In her early 30s, Elizabeth Gilbert realised that the life she was living—in New York City, married, trying to get pregnant—was not the life she wanted. In a particularly poignant anecdote, Liz describes a friend’s excitement at discovering that after years of trying, she (the friend) was expecting a baby. Liz said that she recognised that excitement because it was something that she had felt a couple of years earlier, when she learned that the magazine she worked for was sending her to New Zealand to write about giant squid. Liz writes that at that moment she knew that until/unless she could get as excited about the thought of bringing a new human into the world as she could about the giant squid in New Zealand, she shouldn’t commit to having a baby. I wanted to cheer for her at this point.

Following this realisation, Liz went through an extremely painful divorce that left her depressed and anxious. Although she was hit hard financially by the divorce, she also had a fairly successful writing career. Her publisher gave her a large advance to write the book that ended up being Eat, Pray, Love, so she could afford to take off for a year to three places that were important to her: Italy, India and Bali, four months in each. In Italy, she commits to learning Italian and eating enormous quantities of delicious Italian food. In India, she lives in an ashram and learns to meditate, properly. In Bali, she makes numerous local friends and eventually meets a new lover, an older Brazilian man.

‘How not to be Elizabeth Gilbert’

But before mentioning some of Eat, Pray, Love’s high points, I do need to play literary critic. I am a lapsed one, after all. An interesting essay was published in The Boston Review in July 2015 called ‘How Not to Be Elizabeth Gilbert’. I wholeheartedly agreed with this essay–until I actually read Eat, Pray, Love. I still partly agree with it, but I now feel that it is, at times, a rather vicious attack masquerading as serious literary criticism. One of the issues that the author, Jessa Crispin, takes with Eat, Pray, Love is that it reflects—and in a way, has caused—the over-personalisation of women’s travel writing. Instead of describing and seeking to understand different places and cultures, the Elizabeth Gilbert school of travel writing looks deep within the self, rather than out at the world. It approaches the world from the perspective of ‘how can I, as an individual, grow through travel?’ The places visited–often non-Western nations considered ‘exotic’–are merely a backdrop to this personal development. There isn’t anything inherently wrong in seeking to grow through travel—I do it, and I recommend everyone try it. But travelling ‘to find oneself’ is a tired cliché. It also means that the places she travelled through—Italy, India and Bali—are not really personalised themselves. This is travel writing without a strong sense of place. Which is to say, this is travel writing that is lacking something.

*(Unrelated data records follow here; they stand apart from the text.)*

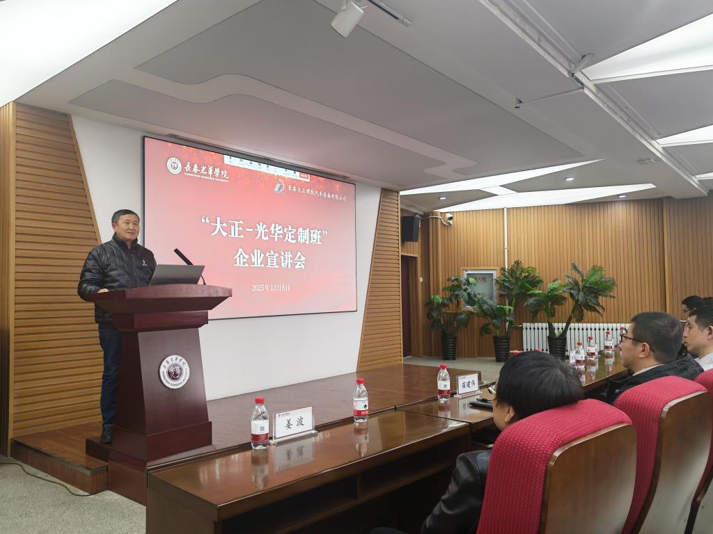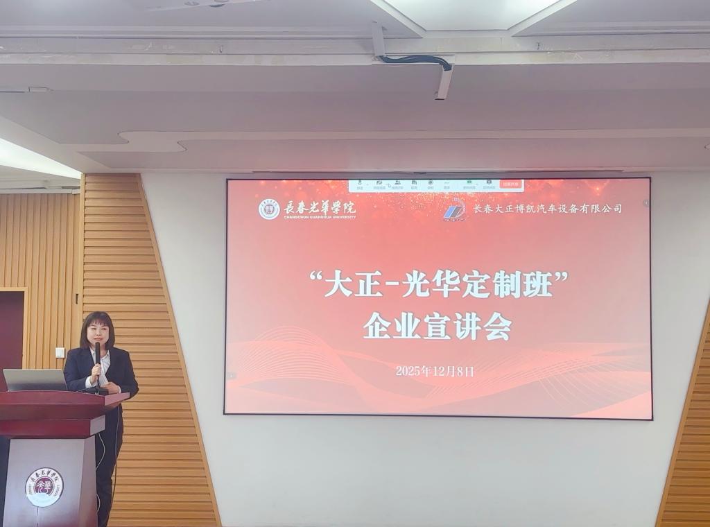 为深化产教融合、助力我省汽车产业发展,提升人才培养质量,进一步推动“大正-光华”定制班的建设工作,促进学生精准对口就业,2025年12月8日,pg娱乐与长春大正博凯汽车设备有限公司联合召开“大正-光华定制班”线上线下企业宣讲会。长春大正博凯汽车设备有限公司人力资源总经理刘春影、机械设计部经理单海东、仿真部经理刘晓娜、电气设计部经理张闯、人事主管葛艳,长春光华学院副校长栾学钢,机械工程学院院长杨卓娟、副院长姜波、副院长苗建伟、副书记王凯,pg娱乐电子游戏官网入口副书记李艳等领导出席。机械工程学院、pg娱乐电子游戏官网入口2026届全体毕业生及家长线上线下参加本次宣讲会。宣讲会由机械工程学院副院长姜波主持。
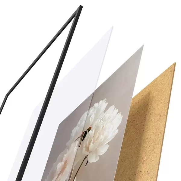 Plakát se skládá z rámu, plexiskla, tištěného obrazu a dřevotřískového podkladu. Díky úchytům na zadní straně lze plakát ihned zavěsit na zeď.
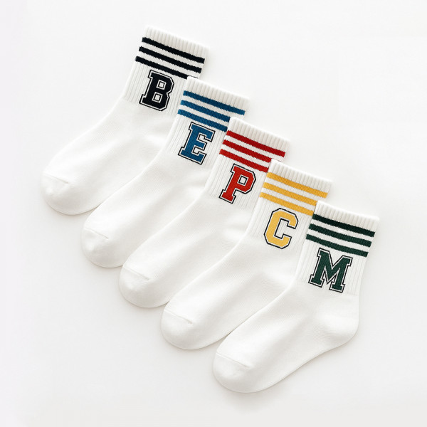 아이뿜 아동용 알파벳 스트라이프 미끄럼방지 양말 5켤레 세트 B10
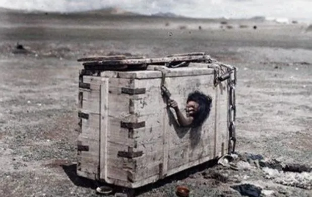 老照片:外蒙古乌兰巴托,一个受刑的妇女。法者常常把这种装有犯人的木箱放置在人烟稀少的大漠之中,任其自生自灭。
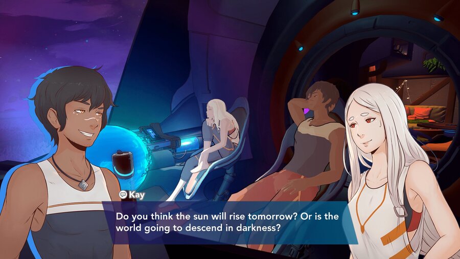 Один из способов решения данной проблемы — изолирование окна выбора действия. Спрайты персонажей и диалоговые окна временно скрываются и на экране остаются только плашки реплик на фоновом изображении.
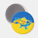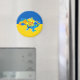 Une carte de l'Ukraine aux couleurs jaunes et bleues du drapeau. Au milieu se trouve une couronne de fleurs en forme de coeur.
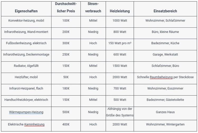 Bitte beachten Sie, dass die Preise, Stromverbrauch, Heizleistung und Einsatzbereiche Durchschnittswerte sind und je nach Hersteller und spezifischer Ausführung variieren können. Es ist ratsam, weitere Informationen zu den einzelnen Modellen einzuholen, um eine fundierte Entscheidung zu treffen.
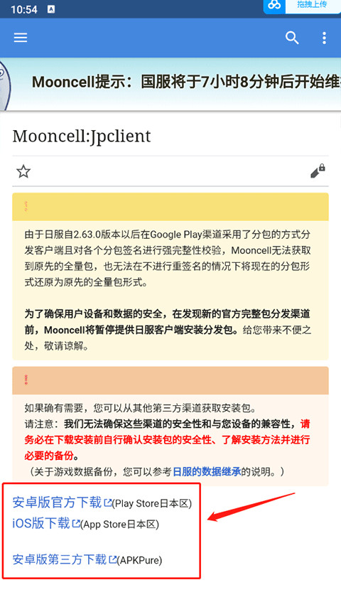 1、打开mooncell wiki后,在首页中点击日服下载功能
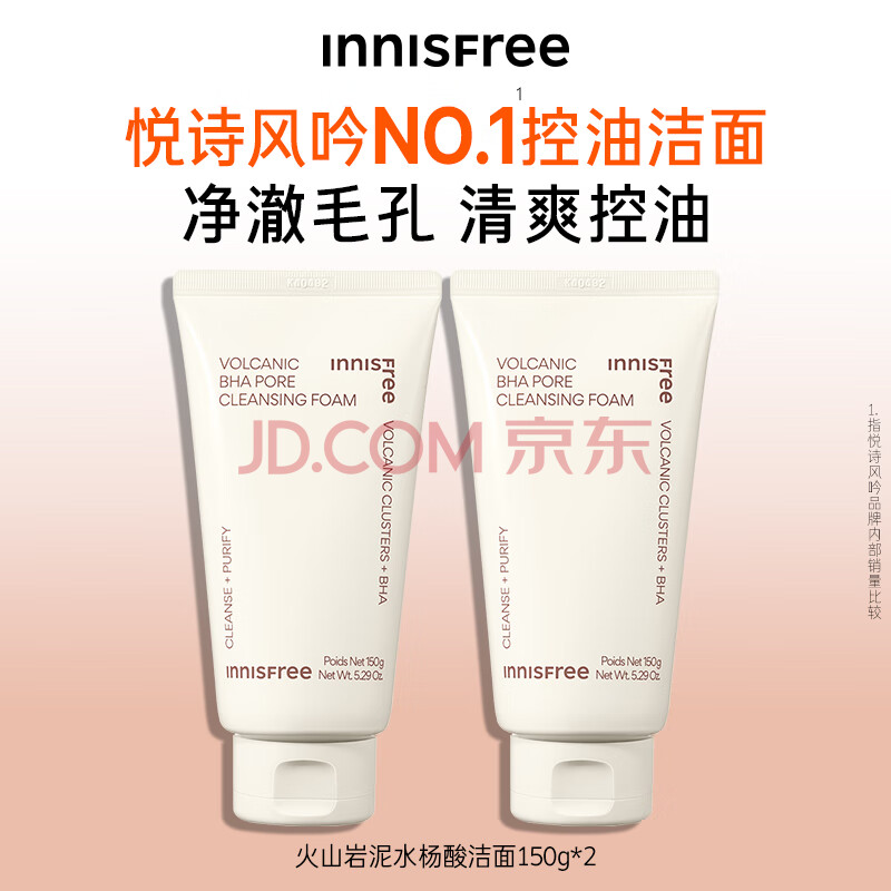 商品相册:悦诗风吟(innisfree)火山泥洗面奶150g*2水杨酸泡沫男士女士控油泡沫送女友礼物第
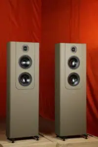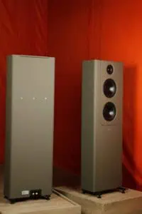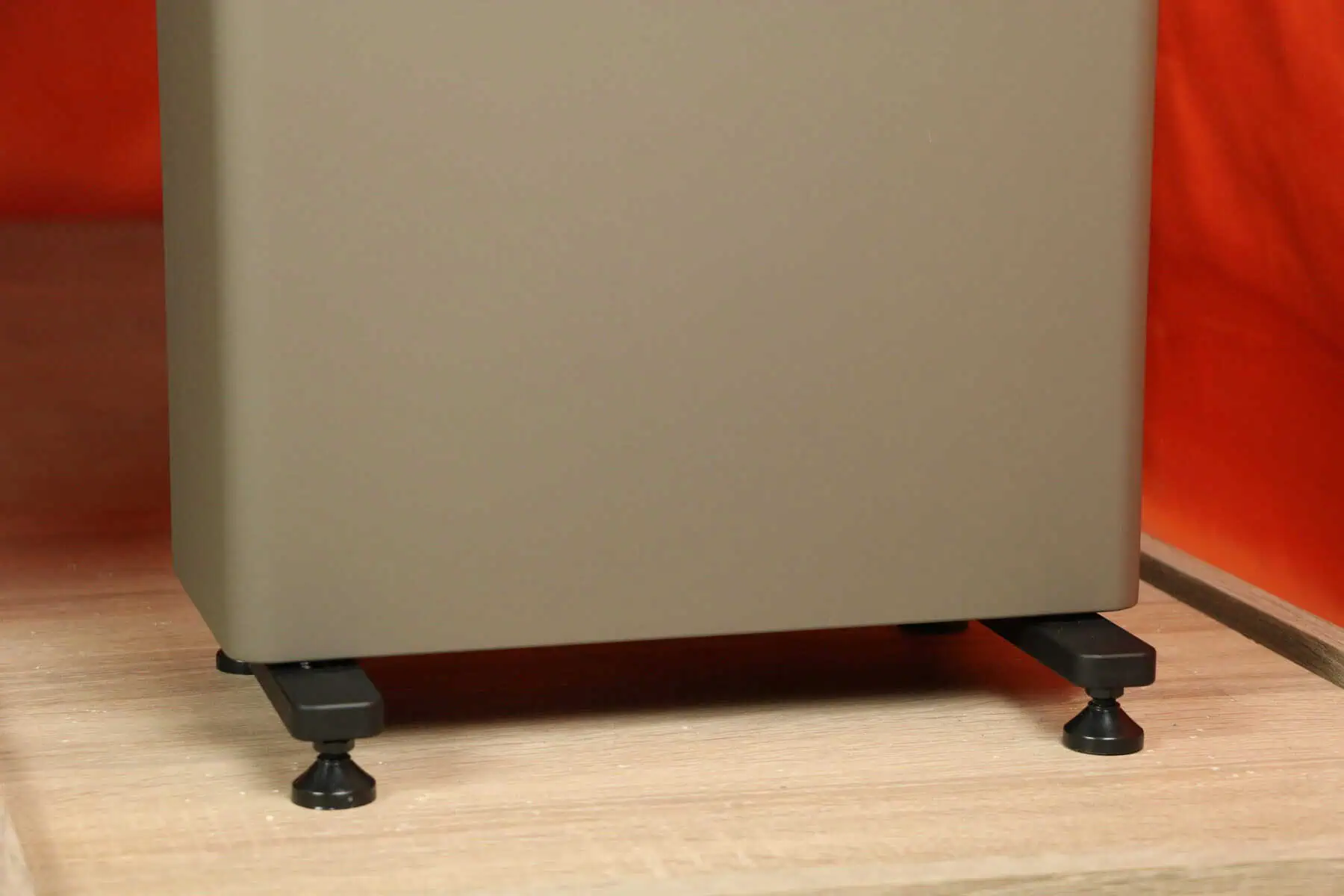 Platte jongens! Ontworpen om dicht tegen de muur te staan, waardoor er een strakke en krachtige basweergave vormt. Natuurlijk hebben wij ze ook even ‘hifi-gepositioneerd’, het laag staat. De twee 6,5-inch units met daarboven de soft-dome tweeter zorgen voor een rustige weergave. De basreflexpoort is naar beneden gericht.

The critique of this critique is that travel writing has traditionally been a very masculine affair. Men from all cultures have had better access to the world than women; they have been freer to roam where they please without societal disapproval, or worse—overt acts of violence or molestation. The Elizabeth Gilbert school of travel writing has claimed the genre (or, perhaps created a new one) for women. So in criticising the individualist nature and calling it inferior to more ‘objective’ (read: male-centric) travel writing, there is the danger that gendered literary biases will be perpetuated.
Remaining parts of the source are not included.